Билл сегодня тоже вызвался очищать дымоходы, но Брайн проработал чуть ли не до вечера и почти очистил половину трубы (сыт по горло и еле жив, в глотке сажа, задыхаешься и потеешь), а Билла все не видно, и он начал подозревать, что Билла назначили на какую-то работу полегче, например во дворе, на свежем воздухе, поднимать на веревке ведра с золой, а потом грузить
Он проглотил слюну — во рту было полно сажи — и продолжал копать, теперь уже почти у того колена трубы, где он надеялся встретить Билла Эддисона. Он смертельно устал — казалось, кто-то закрывает ему глаза ватой, — с трудом преодолевал искушение бросить лопату и тут же уснуть; это была нестерпимая усталость, которая обычно одолевала его во второй половине рабочего дня и от которой все тело становилось каким-то вялым, а глаза слипались и ему приходилось бороться с собой, чтобы не закрыть их, совсем отгородившись от мира. Обычно этот мир, открывавшийся ему при свете солнца, был такой яркий и многоцветный, на него нельзя было не обращать внимания, но здесь черному мраку помогали тепло и удушливый запах сажи, которую он механически насыпал в низкий лоток, прижатый ногой к стенке; им все сильнее овладевало желание свернуться калачиком на мягкой куче сажи и позабыть обо всех этих мыслях. И. хотя коварное желание гнездилось в нем, оно не облеклось еще в слова, и, борясь с этим желанием, он не давал словам прорваться наружу. В этом теперешнем примитивном существовании ему удавалось поддерживать душевное равновесие только мерными взмахами лопаты, беззвучно врезавшейся в слой сажи, мягкой, точно масло, и даже еще мягче — лопата скользила словно по бархатной ткани. Он с удовлетворением услышал, как, достигнув кладки, сталь приглушенно заскребла по кирпичу. В конце дымохода зола кое-где затвердела, превратившись в маленькие ноздреватые комки, здесь было жарче, и вообще за весь этот день ему еще ни разу не было так невыносимо тяжело.

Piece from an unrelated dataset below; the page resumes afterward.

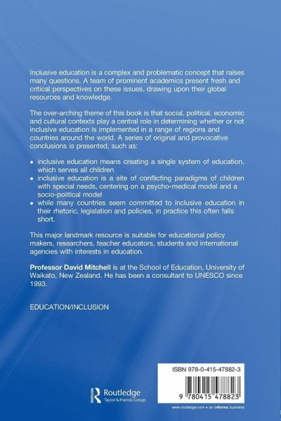 Inclusive education is a complex and problematic concept that raises many questions. A team of prominent academics present fresh and critical perspectives on these issues, drawing upon their global resources and knowledge. The over-arching theme of this book is that social, political, economic and cultural contexts play a central role in determining whether or not inclusive education is implemented in a range of regions and countries around the world. A series of original and provocative conclusions is presented, such as: inclusive education means creating a single system of education, which serves all children inclusive education is a site of conflicting paradigms of children with special needs, centering on a psycho-medical model and a socio-political model while many countries seem committed to inclusive education in their rhetoric, legislation and policies, in practice this often falls short. This major landmark resource is suitable for educational policy makers, researchers, teacher educators, students and international agencies with interests in education.

Он отползал на животе каждые пять минут и, перевернувшись на спину, лежал так, пока не отойдут руки и колени, а потом снова полз вперед. «Готов побиться об заклад, даже на море не намного труднее бывает. Конечно, там можно в два счета погибнуть — утонешь в шторм, и все, но здесь тоже надышишься этой дряни помаленьку н наживешь чахотку, хотя, право, не знаю, что хуже — тянуть тут лямку всю жизнь или быть повешенным, четвертованным, утонуть, наконец. Ну да, слава богу, мне сейчас не выбирать. Лопата — вот и все, что мне сейчас нужно, лопата, чтоб откопать себя из могилы или, наоборот, закопать, как я это сделал сегодня; во всяком случае, к тому идет, н надо побыстрей шевелиться, кончать со всем этим. Это не дело — так долго сидеть тут, точно я труп, похороненный в пыльной утробе старой робинсоновской фабрики. Я зарываю все лучшее, что во мне есть, торчу часами в этой дыре, где ни черта не видно, хотя, вообще-то говоря, из меня вышел бы неплохой шахтер. Пусть я не здоровенного роста, а все же я тут насобачусь лопатой орудовать и, если повезет, попаду в число тех, кого берут на шахты, а не посылают воевать с немцами. Впрочем, по мне, лучше б ни того ни другого, а просто отправиться бы своим ходом на тот свет, когда придет пора».
Он работал теперь еще быстрее, чем раньше, побуждаемый какой-то внутренней силой, вонзая лопату в последние футы золы, насыпая ее в лоток и собирая ладонью остатки, которые неудобно было сгребать лопатой.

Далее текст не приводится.